Team Leads: Prioritize Your Next Move with a Runway Trigger Tree

Stop guessing what to do next. Build a simple trigger system to focus your team's effort on the highest-impact experiment.

Who This Helps

This is for team leads who feel stuck in endless planning cycles. If your team has a dozen good ideas but can't decide which one to run next, this helps. It's a core part of the Board Finance & Runway Narrative program, designed to turn financial discipline into clear team action.

Mini Case

Viktor's team had 8 potential growth experiments. They debated for weeks. He built a simple trigger tree: if monthly active users grew by less than 5%, they'd run experiment A. If cash runway dipped below 9 months, they'd pause hiring and run experiment B for margin improvement. In 7 days, they had a clear rule. The next month, user growth slowed to 3%—they instantly launched experiment A without a meeting. It saved them 15 hours of debate.

Do This Now (5 Steps)

  1. List your top 3-5 experiments or projects your team could tackle.
  2. For each one, ask: "What specific company signal tells us to run THIS one NOW?"
  3. Define that signal with a number. Think: revenue growth rate, cash runway months, or a key metric.
  4. Write the simple rule: "If [Signal] is [above/below] [Number], we start [Experiment]."
  5. Share this one-page trigger tree with your team this week.

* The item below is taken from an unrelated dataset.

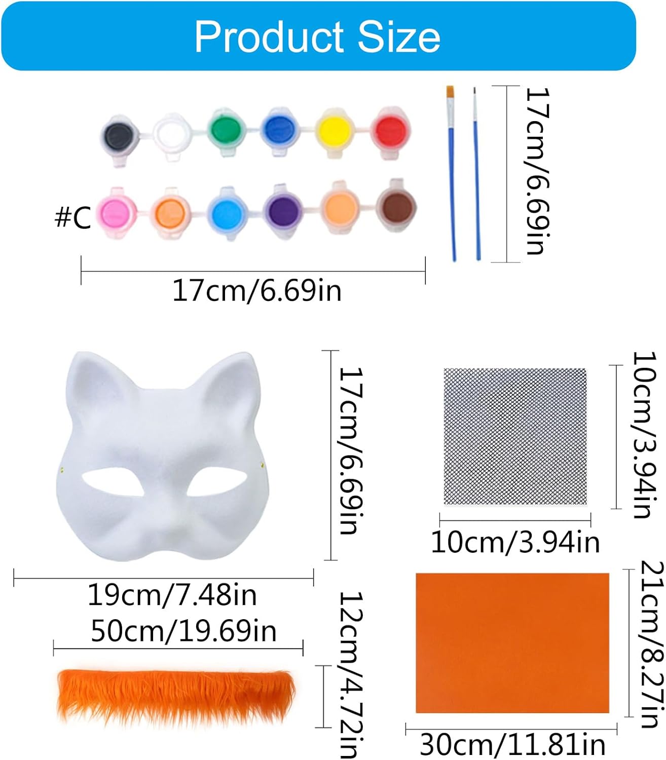 Caratteristiche: Sia che tu stia partecipando a una festa di Halloween o semplicemente vuoi essere popolare ai festival, questo gatto è l'opzione. Adatto per bambini e bambini, questo animale è buono per gli appassionati di anime. Si distingue dalla massa con queste volpi dipinte a mano, un oggetto unico e accattivante che sicuramente attirerà la testa. Il cosplay di Halloween è adatto per Halloween in varie occasioni di Halloween. È una grande opportunità per usare la tua immaginazione per progettare il tuo, potrebbero essere applicati come base per creare altri animali. Specifiche tecniche: Componente: polpa, panno. Dimensioni: come da immagine. Tipo: Sei tipi facoltativi Nota: Considerare un margine di errore di 1-3 cm dovuto alla misurazione manuale. A causa delle differenze tra i diversi monitor, l'immagine potrebbe non rispecchiare il colore reale dell'articolo. La confezione include: 2 tipi Pacchetto facoltativo come segue: Pacchetto 1: 1 set di volpi Confezione 2: 12 pigmenti colorati con 2 pennelli.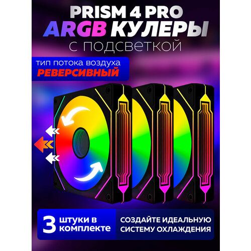 Найти - Черный Корпусный вентилятор для Компьютера Кулер Пк Prism 4 PRO 3 штуки Реверсивный

Boom, decision framework done.

Avoid These Traps

  • Don't create triggers for everything. Start with the 2-3 most critical business outcomes.
  • Avoid vague signals like "if engagement is low." Low compared to what? Use a clear percentage or count.
  • Don't let the perfect be the enemy of the good. Your first version will be 80% right, and that's 100% better than no system.
  • Skipping the "defend expected impact" step. For each trigger, know roughly what success looks like (e.g., "This should improve retention by 2%").

Your Win by Friday

By Friday, you'll have a one-page document that answers Viktor's problem: defining runway triggers and action branches. No more weekly "what should we do" debates. Your team will know the playbook, so you can all focus on execution. It’s like giving your team a compass instead of just a map.